For people of European extraction, the 'two aspects of deep mind' sometimes presents an additional problem; one that is not so much a part of the consciousness of people from Confucian cultures. This is the confusion of the 'mind that sees that we are bound in karmic evil' - or, in the phrase that Shinran uses in this verse 'the lowest of foolish beings' - with guilt. Shinran repudiates 'looking knowingly on our evil hearts'. This suggests that guilt could have been a problem for his own contemporaries as well. Guilt is not the point of the Buddha-dharma and is a serious obstacle for those for whom it is a problem.

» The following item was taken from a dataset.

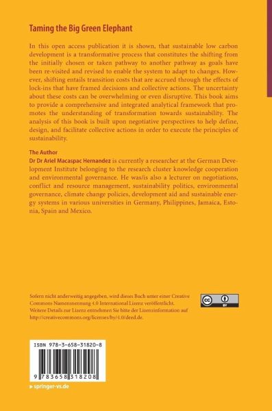 In this open access publication it is shown, that sustainable low carbon development is a transformative process that constitutes the shifting from the initially chosen or taken pathway to another pathway as goals have been re-visited and revised to enable the system to adapt to changes. However, shifting entails transition costs that are accrued through the effects of lock-ins that have framed decisions and collective actions. The uncertainty about these costs can be overwhelming or even disruptive. This book aims to provide a comprehensive and integrated analytical framework that promotes the understanding of transformation towards sustainability. The analysis of this book is built upon negotiative perspectives to help define, design, and facilitate collective actions in order to execute the principles of sustainability.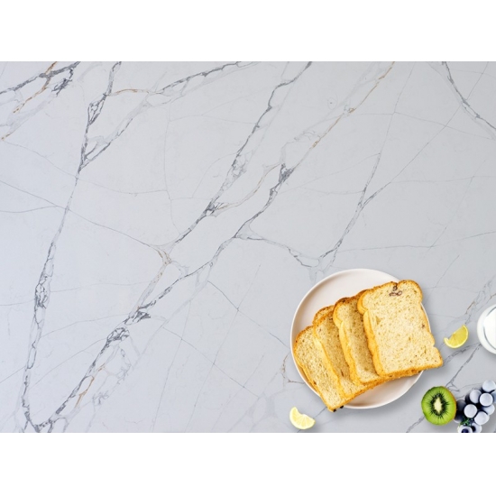 Squisito e unico, il quarzo Calacatta incanta i sensi con i suoi bianchi puri e le sue suggestive venature effetto marmo in tutta la massa. Con la sua splendida e suggestiva venatura larga e la sensazione di lusso, questo quarzo offre l'aspetto naturale del marmo Calacatta, ma senza nessuno degli svantaggi dei piani di lavoro in marmo. Il quarzo Calacatta è un piano di lavoro molto resistente, antimacchia e antigraffio, il che lo rende anche una scelta molto pratica per piani di lavoro per cucine e bagni, scale, davanzali, mobili su misura, applicazioni per pareti e pavimenti interni ed esterni, decorazioni con getto d'acqua e altri progetti di design.

In 1967 an English language classic entitled Awareness of Self was published by Takudo Haguri. This brilliant little book gives a succinct account of the way we can understand the experience of ourselves as 'the lowest of foolish beings'. The book has a Preface and an Afterword by the well-known American Shin Buddhist academic Taitetsu Unno, which lend balance to the theme of Haguri's writing. In his concluding remarks Unno says,

It must be remembered also that faith is not a psychological state of mind. Whether man is happy or unhappy, grateful or ungrateful, depends upon his unique karma, and it has nothing to do with his awakening to faith.

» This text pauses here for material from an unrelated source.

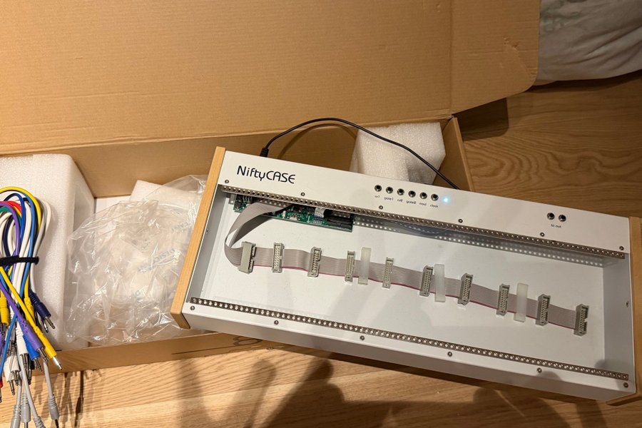 Detta var från början en NiftyBUNDLE. Men jag har inte kvar moduler eller kablar. Däremot låg det 19 patchkablar i lådan i olika färger och längd som får ingå.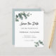 Les feuilles de eucalyptus vert poussiéreux donnent un aspect naturellement élégant à ces cartes "Save the Date" pour un mariage économique. Avec ses belles formations de feuilles aux nuances de bleu et de vert, l'eucalyptus est une illustration parfaite pour les mariages à thème floral ou naturel, les mariages en plein air dans un jardin, ainsi que les mariages d'hiver dans le sud. Le texte "Save the Date" est un élément graphique ; tous les autres textes au recto et au verso peuvent être facilement révisés sur le modèle de personnalisation. VEUILLEZ NOTER : Les cartes économiques n'incluent pas automatiquement d'enveloppes, car de nombreuses personnes préfèrent acheter les leurs. Il existe cependant une option pour commander des enveloppes en utilisant la flèche déroulante "option enveloppe".

Shinran's own insight into himself, cannot be artificially developed by us in some kind of psychotherapeutic way. True insight and a frank, if stern, self awareness comes only as we turn and face the light of Amida Buddha; growing ever deeper in our love and knowledge of the dharma. It is in the radiance of the Buddha's wisdom alone that we can share with Shinran the awakening to ourselves as 'fools bottom-deep in afflicting passions'.

1: CWS, p. 459.

2: Goichidaikikikgaki, tr. Hisao Inagaki.